#### RECORDS SUPPLIED
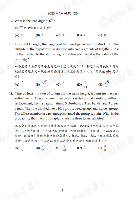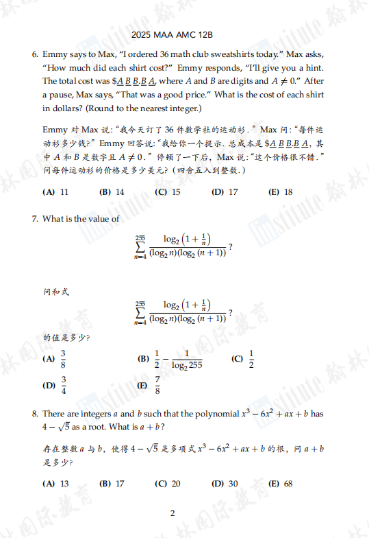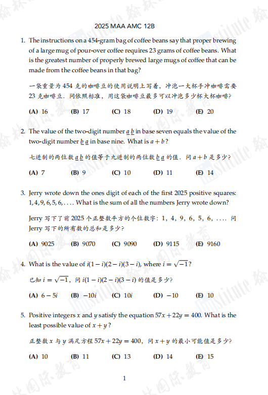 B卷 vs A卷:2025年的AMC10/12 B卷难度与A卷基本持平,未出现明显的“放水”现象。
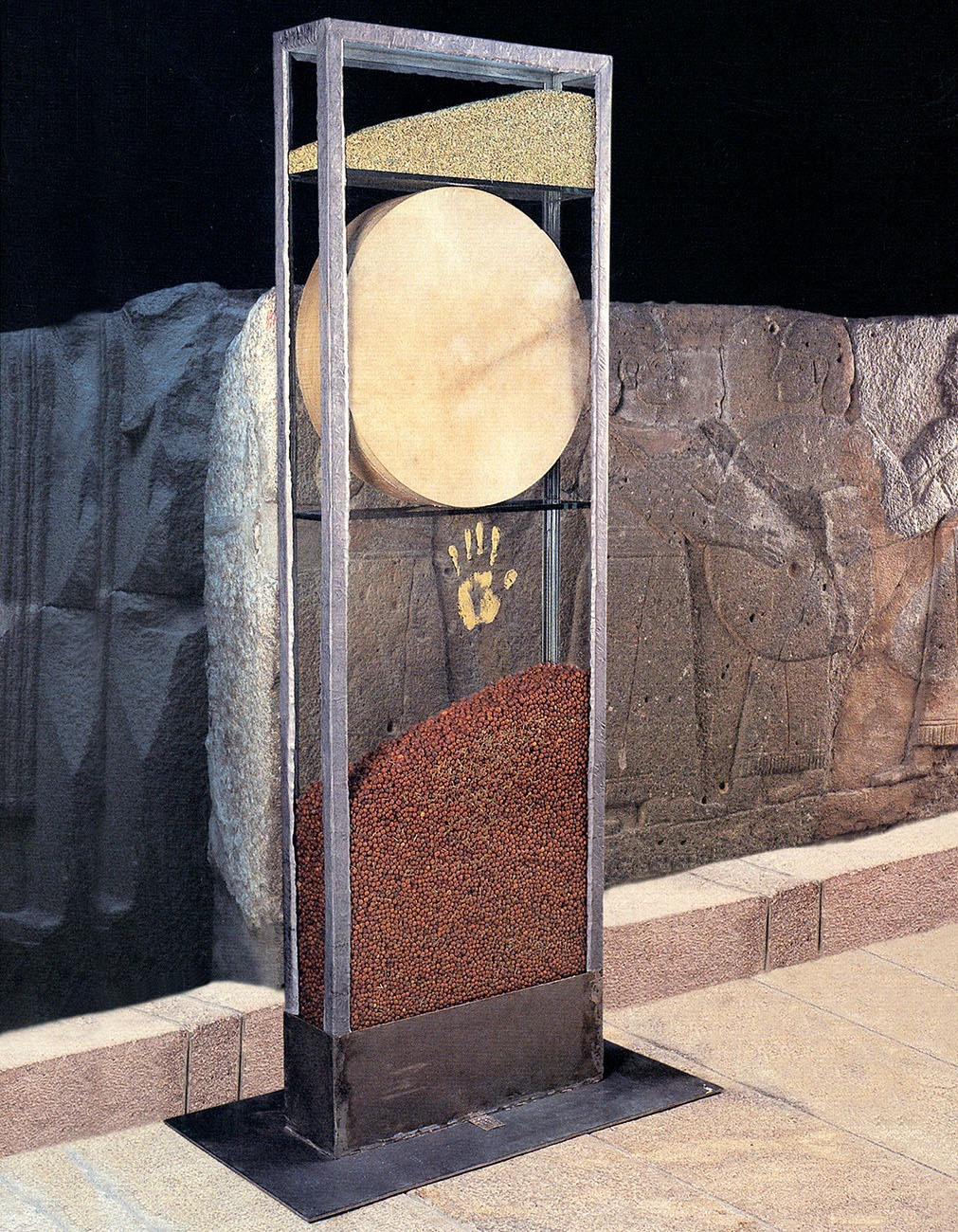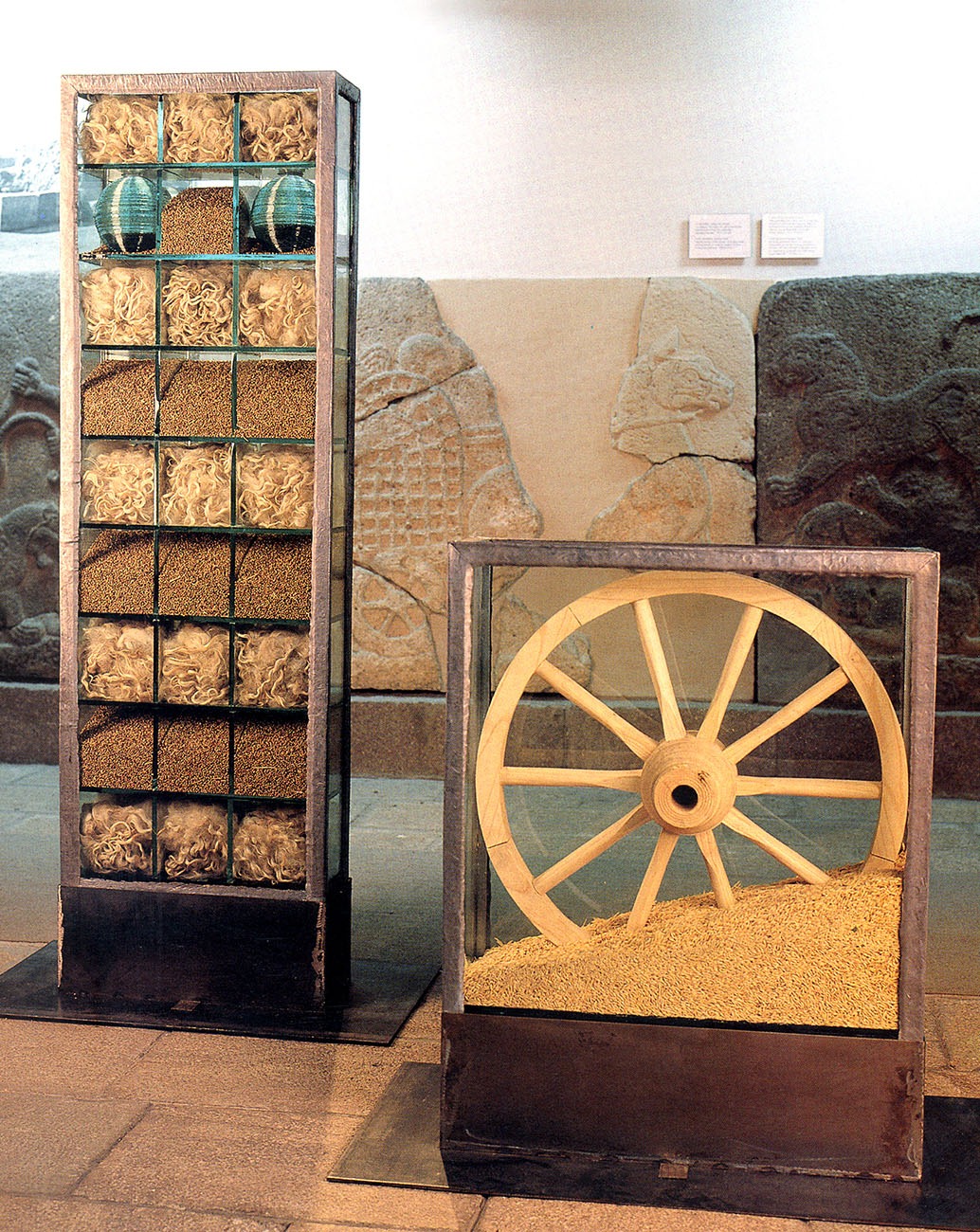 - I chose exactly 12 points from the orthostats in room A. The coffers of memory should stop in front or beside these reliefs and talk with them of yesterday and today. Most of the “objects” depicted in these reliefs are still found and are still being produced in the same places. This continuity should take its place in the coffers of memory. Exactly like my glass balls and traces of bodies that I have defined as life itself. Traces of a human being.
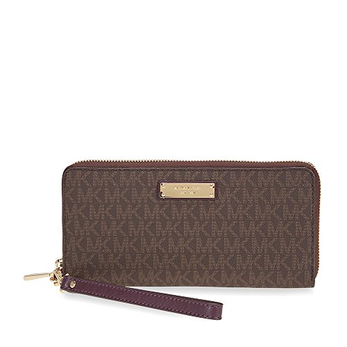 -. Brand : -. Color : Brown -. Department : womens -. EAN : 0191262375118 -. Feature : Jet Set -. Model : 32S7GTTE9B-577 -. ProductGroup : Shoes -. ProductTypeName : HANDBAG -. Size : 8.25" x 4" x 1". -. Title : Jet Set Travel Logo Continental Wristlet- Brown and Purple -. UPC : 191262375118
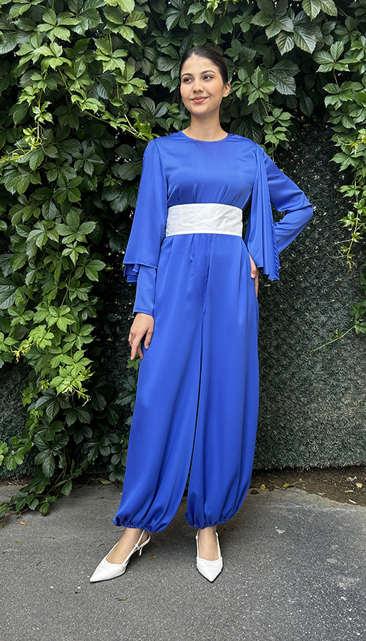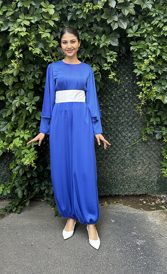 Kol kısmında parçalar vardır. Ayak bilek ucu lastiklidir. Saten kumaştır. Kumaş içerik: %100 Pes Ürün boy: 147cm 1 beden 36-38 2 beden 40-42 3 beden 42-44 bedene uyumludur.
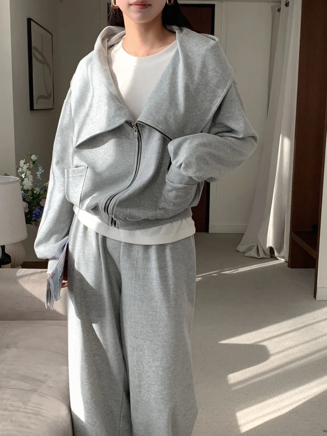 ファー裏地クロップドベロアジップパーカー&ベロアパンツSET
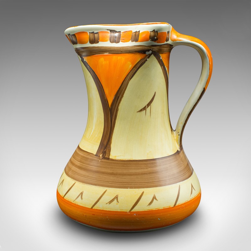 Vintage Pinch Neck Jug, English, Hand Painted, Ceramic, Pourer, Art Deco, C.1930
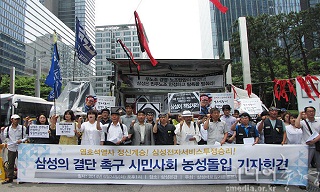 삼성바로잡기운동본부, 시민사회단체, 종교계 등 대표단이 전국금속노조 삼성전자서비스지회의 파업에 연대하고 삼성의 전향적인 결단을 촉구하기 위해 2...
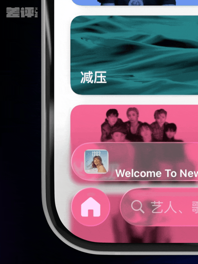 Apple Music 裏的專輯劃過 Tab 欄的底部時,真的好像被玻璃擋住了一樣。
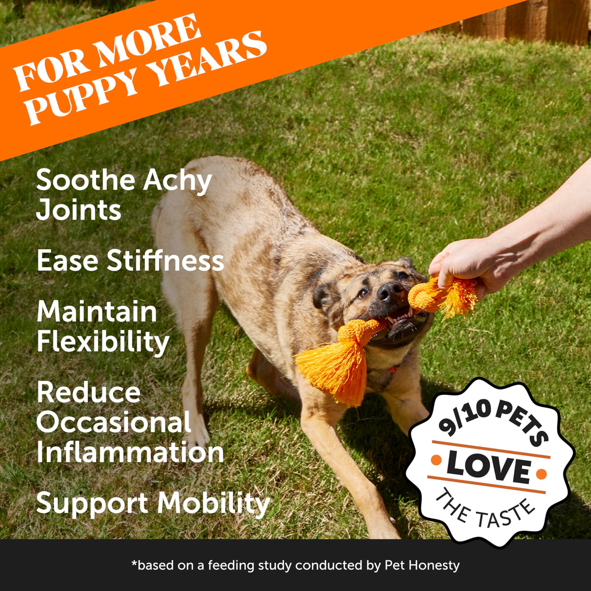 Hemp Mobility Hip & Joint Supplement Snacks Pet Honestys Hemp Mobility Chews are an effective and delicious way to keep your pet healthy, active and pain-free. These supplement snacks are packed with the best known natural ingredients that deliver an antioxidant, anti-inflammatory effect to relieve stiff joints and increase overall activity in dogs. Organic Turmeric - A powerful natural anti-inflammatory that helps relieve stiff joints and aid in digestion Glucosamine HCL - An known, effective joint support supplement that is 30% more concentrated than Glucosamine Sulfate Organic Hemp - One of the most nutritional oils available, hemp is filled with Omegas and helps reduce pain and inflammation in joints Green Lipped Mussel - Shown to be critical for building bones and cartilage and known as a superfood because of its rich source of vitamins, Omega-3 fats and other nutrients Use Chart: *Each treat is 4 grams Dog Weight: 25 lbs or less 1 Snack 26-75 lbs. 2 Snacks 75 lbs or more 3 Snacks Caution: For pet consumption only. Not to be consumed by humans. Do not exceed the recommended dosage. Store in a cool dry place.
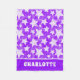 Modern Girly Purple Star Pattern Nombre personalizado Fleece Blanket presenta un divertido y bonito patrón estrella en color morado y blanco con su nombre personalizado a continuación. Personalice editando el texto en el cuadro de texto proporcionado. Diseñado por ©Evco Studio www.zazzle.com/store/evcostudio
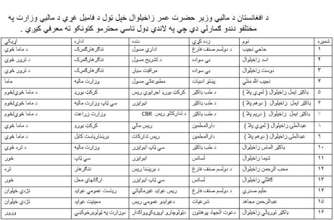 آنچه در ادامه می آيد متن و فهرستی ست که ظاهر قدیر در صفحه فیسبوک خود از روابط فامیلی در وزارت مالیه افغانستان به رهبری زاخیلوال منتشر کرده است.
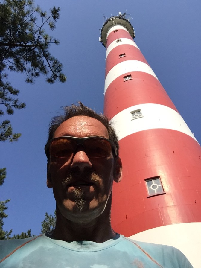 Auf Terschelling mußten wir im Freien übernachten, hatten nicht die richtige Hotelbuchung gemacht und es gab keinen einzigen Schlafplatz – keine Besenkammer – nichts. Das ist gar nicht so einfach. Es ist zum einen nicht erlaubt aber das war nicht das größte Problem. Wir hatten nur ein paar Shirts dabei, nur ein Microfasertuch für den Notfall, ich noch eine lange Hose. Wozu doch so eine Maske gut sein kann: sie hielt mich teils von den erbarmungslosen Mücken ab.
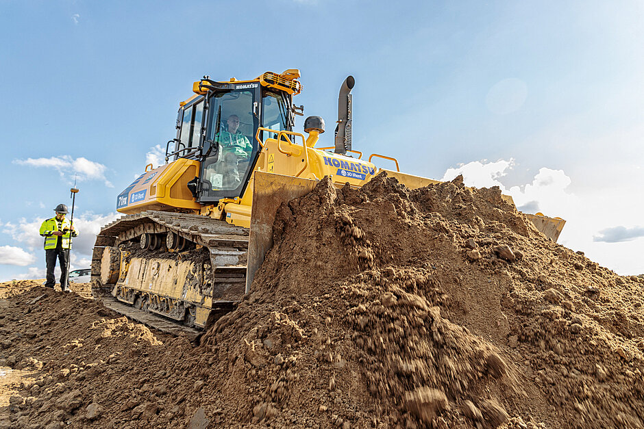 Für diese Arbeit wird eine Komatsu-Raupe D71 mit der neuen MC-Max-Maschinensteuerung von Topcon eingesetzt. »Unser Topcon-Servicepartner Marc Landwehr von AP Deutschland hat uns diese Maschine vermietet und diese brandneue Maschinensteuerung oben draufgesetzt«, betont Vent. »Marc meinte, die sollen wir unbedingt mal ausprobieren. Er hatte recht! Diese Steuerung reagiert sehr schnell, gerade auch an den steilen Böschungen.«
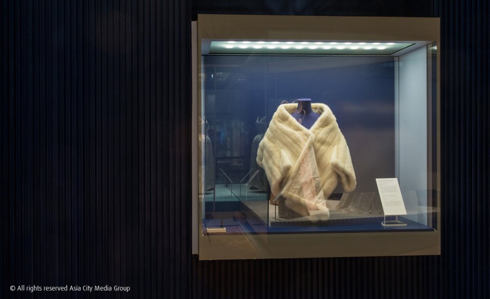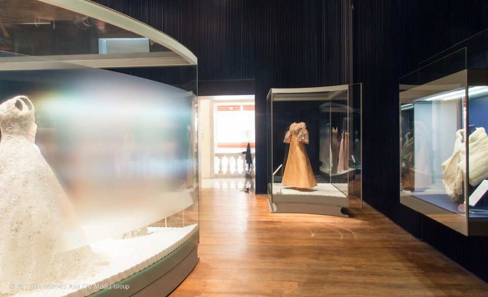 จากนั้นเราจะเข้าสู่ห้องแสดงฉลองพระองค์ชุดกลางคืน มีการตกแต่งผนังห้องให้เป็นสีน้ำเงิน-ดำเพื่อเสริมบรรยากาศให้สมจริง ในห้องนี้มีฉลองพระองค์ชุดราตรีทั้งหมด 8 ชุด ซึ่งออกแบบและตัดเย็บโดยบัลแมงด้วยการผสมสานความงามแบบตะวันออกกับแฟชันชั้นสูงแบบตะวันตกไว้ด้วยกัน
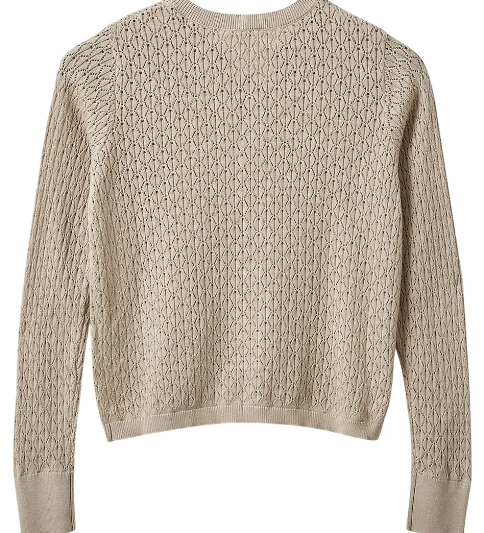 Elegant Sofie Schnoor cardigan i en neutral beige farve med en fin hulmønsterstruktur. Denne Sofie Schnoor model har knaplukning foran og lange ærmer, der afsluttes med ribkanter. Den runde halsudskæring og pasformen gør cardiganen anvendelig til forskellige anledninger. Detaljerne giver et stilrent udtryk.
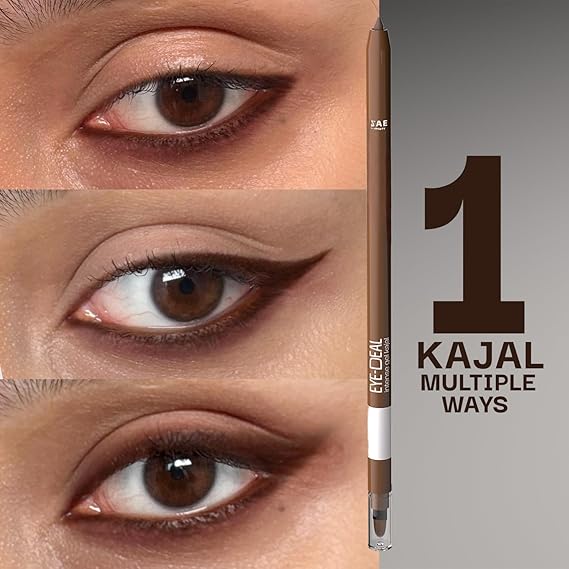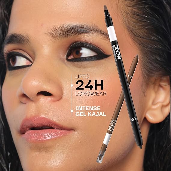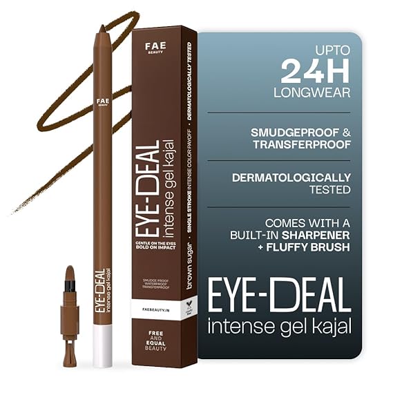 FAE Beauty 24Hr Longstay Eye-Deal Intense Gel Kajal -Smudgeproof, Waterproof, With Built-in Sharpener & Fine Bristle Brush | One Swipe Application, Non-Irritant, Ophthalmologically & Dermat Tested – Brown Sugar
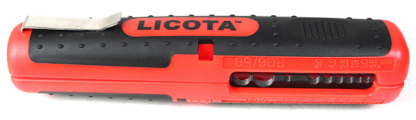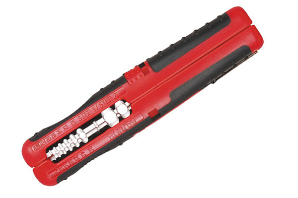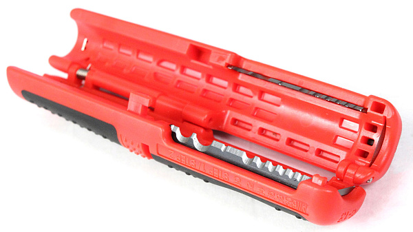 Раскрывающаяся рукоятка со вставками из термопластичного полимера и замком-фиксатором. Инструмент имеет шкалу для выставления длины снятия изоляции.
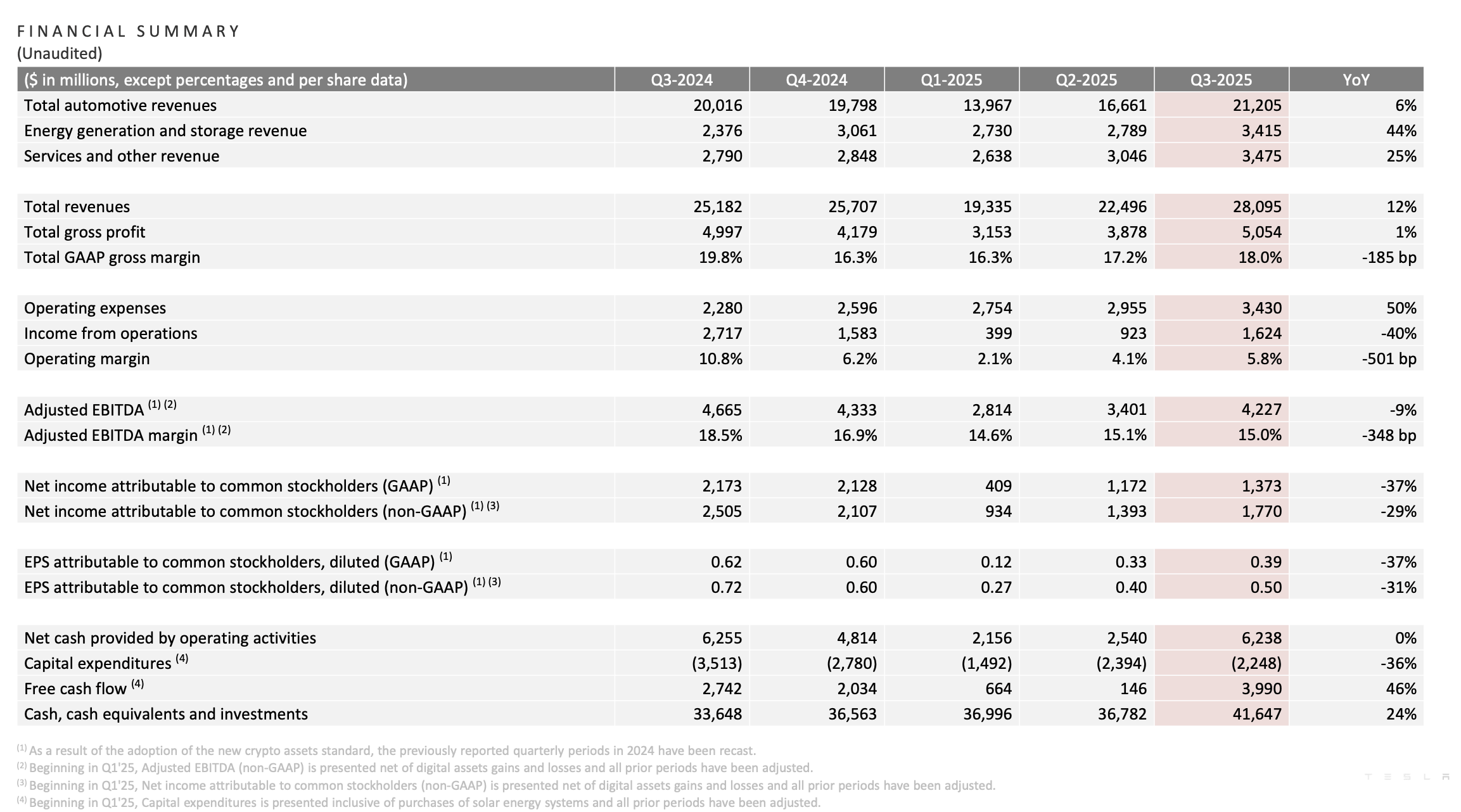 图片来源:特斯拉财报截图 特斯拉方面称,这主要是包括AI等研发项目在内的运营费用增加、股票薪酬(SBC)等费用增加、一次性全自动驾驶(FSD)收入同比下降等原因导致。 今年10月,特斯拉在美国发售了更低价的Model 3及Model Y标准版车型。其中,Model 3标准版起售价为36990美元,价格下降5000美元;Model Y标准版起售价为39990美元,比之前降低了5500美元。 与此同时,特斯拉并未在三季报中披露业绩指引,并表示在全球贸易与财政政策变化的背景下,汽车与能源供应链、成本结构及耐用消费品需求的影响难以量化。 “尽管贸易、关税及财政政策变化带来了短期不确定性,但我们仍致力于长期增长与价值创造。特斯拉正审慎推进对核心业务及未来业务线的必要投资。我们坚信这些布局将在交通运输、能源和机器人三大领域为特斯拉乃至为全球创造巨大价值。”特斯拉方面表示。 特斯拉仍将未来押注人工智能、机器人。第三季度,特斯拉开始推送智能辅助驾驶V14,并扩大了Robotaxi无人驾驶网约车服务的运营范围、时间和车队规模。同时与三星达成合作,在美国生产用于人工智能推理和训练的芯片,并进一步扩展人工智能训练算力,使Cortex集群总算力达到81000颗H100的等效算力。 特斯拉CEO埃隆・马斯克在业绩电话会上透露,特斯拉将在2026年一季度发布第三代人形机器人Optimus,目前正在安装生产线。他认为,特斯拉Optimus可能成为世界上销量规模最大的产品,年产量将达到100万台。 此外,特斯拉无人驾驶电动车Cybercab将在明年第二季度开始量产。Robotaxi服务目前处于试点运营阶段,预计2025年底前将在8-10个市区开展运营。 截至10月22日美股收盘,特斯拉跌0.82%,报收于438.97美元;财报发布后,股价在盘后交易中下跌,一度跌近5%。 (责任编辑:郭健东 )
########
* [YOUR INSTRUCTIONS] Your answer must be the exact lines from the records above, from the one containing "-. Brand : -." through the one containing "Vintage Pinch Neck", both included, with every picture left out.

* [TASK OUTPUT]
 -. Brand : -. Color : Brown -. Department : womens -. EAN : 0191262375118 -. Feature : Jet Set -. Model : 32S7GTTE9B-577 -. ProductGroup : Shoes -. ProductTypeName : HANDBAG -. Size : 8.25" x 4" x 1". -. Title : Jet Set Travel Logo Continental Wristlet- Brown and Purple -. UPC : 191262375118
 Kol kısmında parçalar vardır. Ayak bilek ucu lastiklidir. Saten kumaştır. Kumaş içerik: %100 Pes Ürün boy: 147cm 1 beden 36-38 2 beden 40-42 3 beden 42-44 bedene uyumludur.
 ファー裏地クロップドベロアジップパーカー&ベロアパンツSET
 Vintage Pinch Neck Jug, English, Hand Painted, Ceramic, Pourer, Art Deco, C.1930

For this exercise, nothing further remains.